Task to complete:
Your reply should reproduce all the data below exactly while excluding the pictures.

Stored data:
Content starts

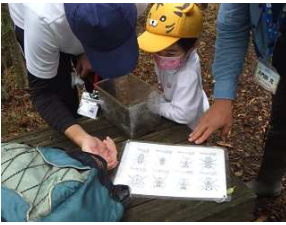
⑫さっそく、図鑑で確認
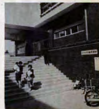
八幡保健所—昨年10月新装
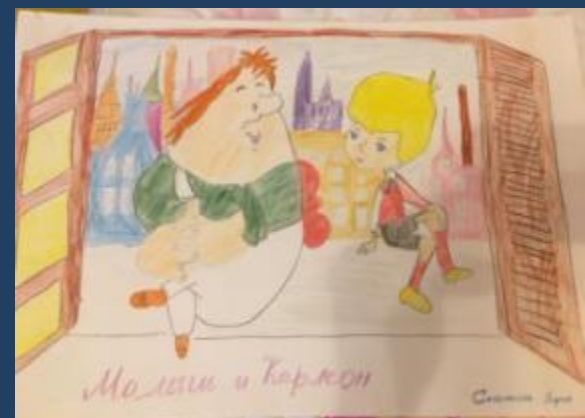
Конкурс «Любимые сказки»

Content ends

Reply:
⑫さっそく、図鑑で確認
八幡保健所—昨年10月新装
Конкурс «Любимые сказки»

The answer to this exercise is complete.